This week, we have completed most of the work for the final revision of our PCB. We have also began finalizing the software running on our ESP32, allowing for NTP synchronization and removing bugs like failing to clear buffers between clips.
We are in the process of organizing the code in order to allow for integration of the individual components of the system.

Upcoming work

In the following weeks, we will need to divert much more attention to the machine learning aspects of the project, as well as to fine tune much of the signal processing algorithms in order to be more robust and effective.

Changes to schedule description

There are no major changes to the schedule.

Status Report 7

Kevin

Accomplishments

- This week I began the final revision of our PCB, named Snorlax.
- This revision has all of the header pins for I/O removed as well as all the header pins for the Vesper wake up mic removed. We decided to power the Vesper at 3.3V since this is within its capabilities and it allows us to remove a linear regulator and related peripherals. I fixed the issue from our previous board by connecting the feedback pin on the buck/boost converter to its Vout pin.

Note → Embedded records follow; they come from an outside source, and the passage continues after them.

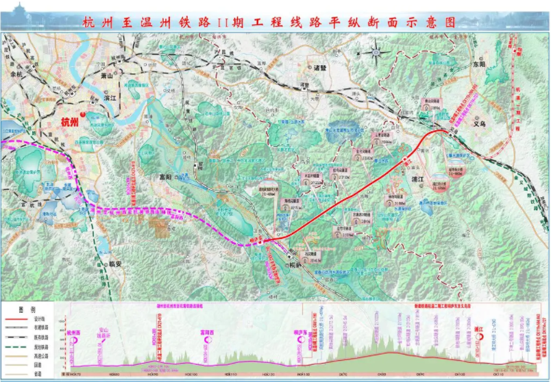 YZSG-3 work area: Ningbo-Zhou Railway DK23+110~DK36+915.62, the new line in the work area is 13.806 kilometers long. YZSG-4 construction area: Ningbo-Zhou Railway DK36+915.62~DK40+033.85, the new line in the construction area is 3.118 kilometers long.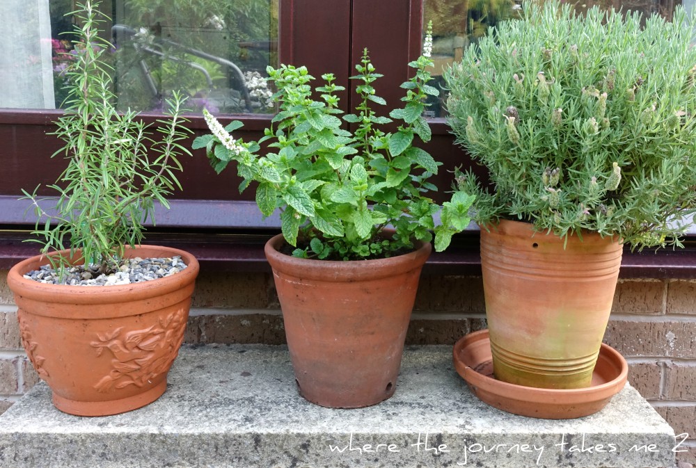 I potted up the rosemary and mint I had bought individually – they are to go up to the cottage garden when I have prepared a space up there. The feverfew has done well it took me ages for me to find some – I love the little white flowers with the yellow centres they really brighten up a corner.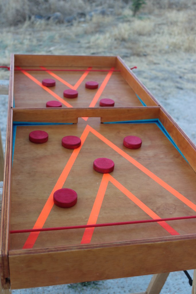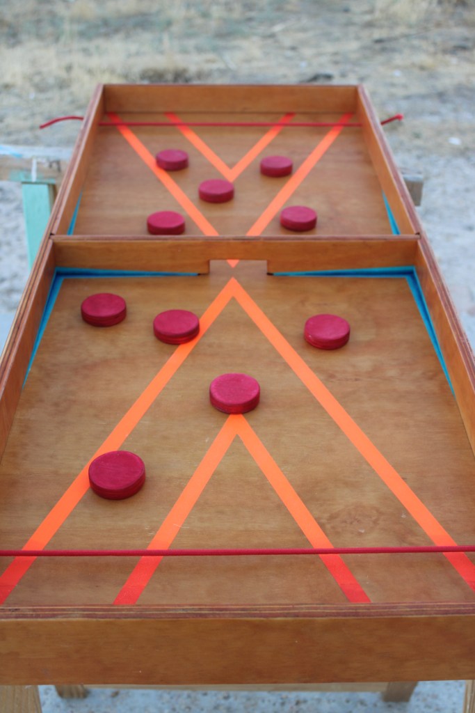 Concurso de pallets: Dimensión: 110x 44. Edad recomendada: De ocho años en adelante. Dos jugadores. Reglas del juego: Se trata de dejar tu campo sin pallets lo más rápido posible, usando los elásticos para propulsarlos. No hay turno, se juega de forma simultánea. Un juego de rapidez muy excitante, que llevará tu emoción al máximo.

Lastly I removed all the LEDs except the one for main power to save space and energy.
- Right now I am aiming to have to board fit on a 2”x1.5” board, which is smaller than our previous 2”x2.5” board. Reducing the size is important because it increases portability.
- I have also been researching ways to reduce non-stationary noise. I have mainly been looking into a technique called Power Level Difference (PLD). PLD is based on having at least two microphones. The general idea is that the signal we want to record is closer to the two microphones that sources of background noise. This means there will be a perceptible difference in power level from close audio source and background sources will have the same power level.
- The papers I am reading take the PLD concept and created Weiner filters based on the difference of power levels between the two signals.

Upcoming Work

- Next week I will be finishing the final PCB and reviewing the design. This needs to be completed in order have the PCB ready for the final demo
- I will also start looking into how to implement the PLD noise reduction algorithm if I have time after completing the PCB. This task is secondary because we can demo our project with a less noisy background if necessary. However, the better noise reduction, the more widely applicable the final device will be.

Ronit

Accomplishments

- I worked with James to support multiple clients(listening devices) in the network stack.
- I worked on reducing the power consumption of the PCB by having the board go into deep sleep mode to further reduce power consumption. In this state, the wifi antenna is powered down and the oscillator is turned off. unfortunately , this also means that the gpios are powered off.
- The mode pin on the vesper microphone has to be set high in order for it to output the digital wakeup signal.
- This means that that the PCB has to have a pullup resistor on the mode pin so that it is set high even when the processor goes to sleep.
- I tried optimizing the naive bayes approach, for decoding the substitution cipher. It now terminates 2 around 1 hour 30 mins for texts ~500 words, but this time seems to go up linearly with the amount of noise. Will have to test more.

Upcoming work

The focus at this stage is purely on machine learning. I have some small tasks left in the esp32, but that should be manageable.

James

Accomplishments

- I made a few more modifications to the server responsible for receiving sound data from the sensor devices. Now, the connection can be terminated from the server side.
- We collected some recordings using two of our sensor boards placed at about 3ft apart, with the keyboard placed in the middle. Unfortunately, we discovered that data left in the buffer would pollute future transmissions. The image below shows this occurring. The data before the red line from microphone 1 corresponded to the previous recording. Everything after was the new recording. We will need to correct this by clearing all DMA and TCP buffers at the end of a transmission.
- Using the data above, I also began working on extracting TDoA data from individual keystrokes. Each keystroke found in one recording is matched to a keystroke within a 40 ms window in the second recording. The two keystrokes are then cross correlated to determine the TDoA. The time differences are visualized in the plot below for each keystroke.

Upcoming work

- In the next week, I will try to help Ronit ensure that buffers are completely cleared after each transaction.
- I will begin incorporating TDoA data into clustering the keystrokes as an additional feature. Notably, there is a currently a risk that the sampling rates are not exactly the same between two boards. This will cause drift in the TDoA values. We may need to use the APLL clock to produce a more accurate clock signal if we find that this is an issue.

Team Status

Accomplishments

- The major accomplishments this week were to begin work on the final PCB design. Many of the debug features were removed, making for a smaller design. All of the final bugs have been worked out regarding the Vesper microphone and the power supply.
- We have begun work on incorporating TDoA data, including modifying the existing data collection server, and processing data collected on multiple microphones in Matlab.
- Lastly, we have worked on lowering power consumption of the device by incorporating the Vesper mic and sleeping.

Upcoming work

In the upcoming weeks, we will need to focus on fully refining the signal processing and machine learning portions of the project. We currently have many individual parts, but have not integrated each component together.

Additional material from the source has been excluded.